PDE: Sep of Vars Non homogenous BCs

[Saladsamurai]

Homework Statement

I have Laplace's equation that I need to solve. I was told that it can be solved by separtion of variables and that it should yield sinh and cosh solutions. As it stands, my current set of BCs are not homogeneous. So I need to find the proper way to assume my solution.

$$\frac{\partial^2{\phi}}{\partial{x}^2} + \frac{\partial^2{\phi}}{\partial{y}^2} = 0 \qquad(1)$$

Subject to the BCs:

$$\frac{\partial{\phi}}{\partial{y}}(x, y =-h) = 0\qquad(2a)$$

$$\frac{\partial{\phi}}{\partial{y}}(x, y =0) = -\cos(x - T)\qquad(2a)$$


I am not really sure how to start this. I tried assuming that

$$\phi (x,y) = F(x,y) + G(y)$$

and then working with the G(y) alone I thought I could apply the BCs on G(y) such that the superposition of F and G would give homogenous BCs on F(x,y) which could then be solved by separation.

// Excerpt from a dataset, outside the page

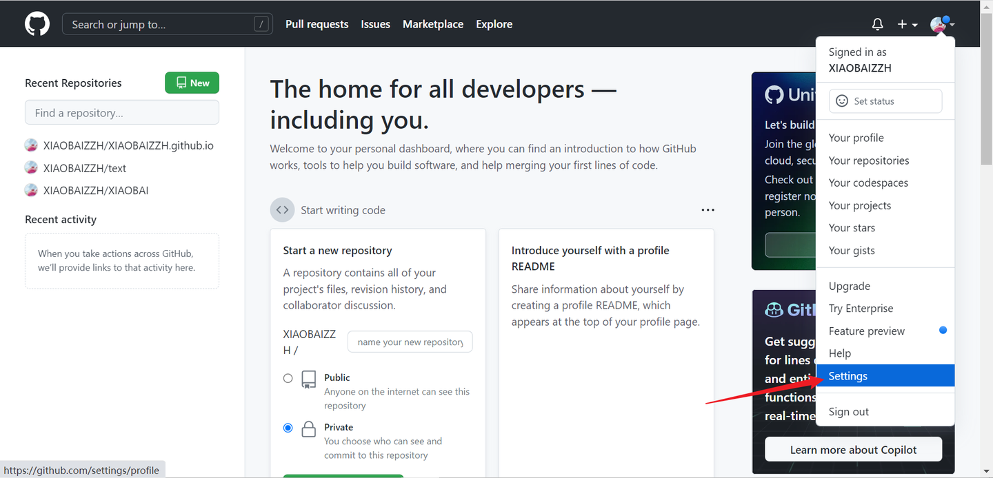 打开 Github,点击右上角 settings
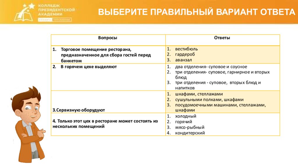 ВЫБЕРИТЕ ПРАВИЛЬНЫЙ ВАРИАНТ ОТВЕТА Вопросы Ответы Торговое помещение ресторана, предназначенное для сбора гостей перед банкетом вестибюль гардероб аванзал 2. В горячем цехе выделяют два отделения- суповое и соусное три отделения- суповое, гарнирное и вторых блюд три отделения - суповое, вторых блюд и напитков 3. Сервизную оборудуют шкафами, стеллажами сушульными полками, шкафами посудомоечными машинами, стеллажами, шкафами 4. Только этот цех в ресторане может состоять из нескольких помещений холодный горячий мясо-рыбный кондитерский

The problem with that approach is that G(y) is linear i.e: G(y) = C₁y +C₂ and since my given BCs are both derivative BCs, I don't think I can ever recover C₂ (since it vanishes) to get the complete solution.

Any other ideas?

 

[Saladsamurai]

Hmmm... come to think of it, do I need more boundary conditions than 2? Do I actually need 4 BCs to solve this problem?

 

[fzero]

You should use regular separation of variables with $$\phi(x,y) = X(x)Y(y)$$. Your boundary conditions are consistent with a solution of this form. You don't need any additional boundary conditions.

 

[Saladsamurai]

Hi fzero!

Hmmm...that seems to be the same response I just got from my professor in an email. Unfortunately, I have never taken a clas in PDEs and I have only solved a handful of them by brute force. I could swear that in order to use separation, the BCs needed to be homogeneous. But I am also thinking that for the problems I have solved, I have always had a nonzero IC, so perhaps my nonzero BC can act like an IC? But I am still unclear as to why I don't need any more BCs?

 

[fzero]

Hi fzero!

Hmmm...that seems to be the same response I just got from my professor in an email. Unfortunately, I have never taken a clas in PDEs and I have only solved a handful of them by brute force. I could swear that in order to use separation, the BCs needed to be homogeneous. But I am also thinking that for the problems I have solved, I have always had a nonzero IC, so perhaps my nonzero BC can act like an IC? But I am still unclear as to why I don't need any more BCs?

The boundary conditions need to be compatible with the solutions of the equation. For example,

$$\frac{\partial{\phi}}{\partial{y}}(x, y =0) =x^4$$

would not be compatible, but the $$\cos$$ is, because there is a solution $$X(x)=\cos(x+x_0)$$.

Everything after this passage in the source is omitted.